Sabin originally planned to study dentistry because his dentist uncle had offered to pay his college tuition at New York University (NYU) if he pursued the profession. He became interested in medical research, however, and changed course, earning an M.D. from NYU in 1931. That summer, New York experienced a polio epidemic, and Sabin developed an interest in studying polio and other infectious diseases.

Sabin joined the research staff of the Rockefeller Institute for Medical Research (now Rockefeller University) in 1935, and moved to the Children's Hospital Research Foundation at the University of Cincinnati (UC) four years later.

During World War II, Sabin traveled the world studying viral diseases as a lieutenant colonel in the Medical Corps. His accomplishments included the development of vaccines against dengue fever and Japanese B encephalitis. After the war, Sabin returned to his position at the University of Cincinnati, where he remained for 30 years.

In the mid-1950s, physicians were administering a new killed virus polio vaccine developed by Jonas Salk, which prevented many of the complications of polio but required booster shots. Meanwhile, Sabin’s research at the UC revealed that polio viruses live not just in the nervous tissues but in the small intestines as well, a discovery that suggested polio might be prevented with an oral, live virus vaccine.

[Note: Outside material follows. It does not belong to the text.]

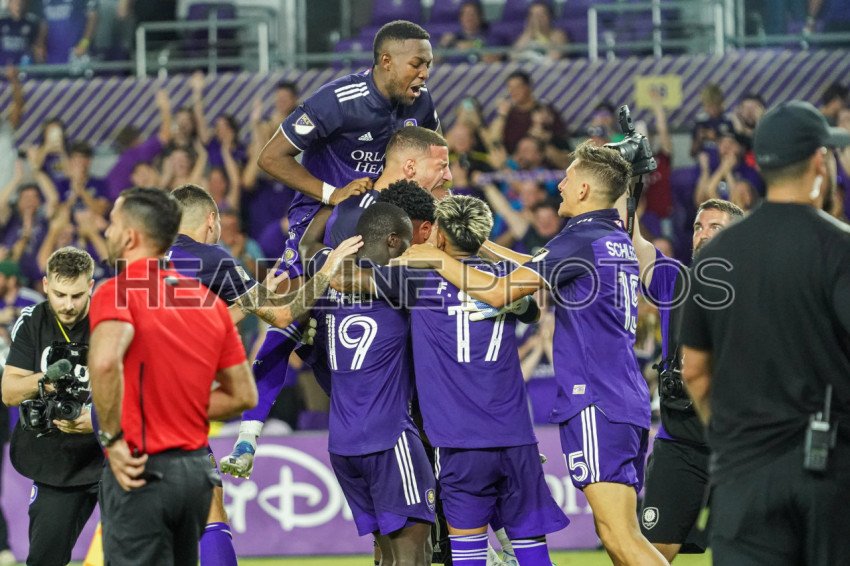 Orlando, Florida, USA, June 29, 2022, Orlando City players celebrate win during the US Open Cup at Exploria Stadium (Photo Credit: Marty Jean-Louis)

Sabin and his research associates developed an oral vaccine, which they first ingested themselves, then tested abroad so as not to inadvertently include subjects who had already received the Salk vaccine. The first large-scale use in the U.S. was in 1960, when it was administered to 180,000 schoolchildren in Cincinnati.

The Sabin vaccine, which successfully prevented the intestinal infection and provided lifetime protection, ultimately replaced the Salk vaccine as the United States’ primary defense against polio.

After leaving the U.C. in 1969, Sabin spent several years as president of the Weizmann Institute of Science in Israel, then returned to the U.S. and joined the faculty at the Medical University of South Carolina. He later served as a scholar and advisor at the Fogarty International Center for Advanced Studies in the Health Sciences of the National Institutes of Health. Much of his work in the latter part of his career focused on the relationship between viruses and human cancer.

In the last decade of his life, Sabin suffered from a disorder that led to paralysis. Though the condition was treated by surgery when Sabin was 86, he died the following year in 1993 of congestive heart failure.

He was survived by his wife, Heloisa Dunshee de Abranches, and two daughters from his marriage to Sylvia Tregillus, who died in 1966. Fellow epidemiologist Joseph L. Melnick described Sabin as “one of the world's greatest virologists.”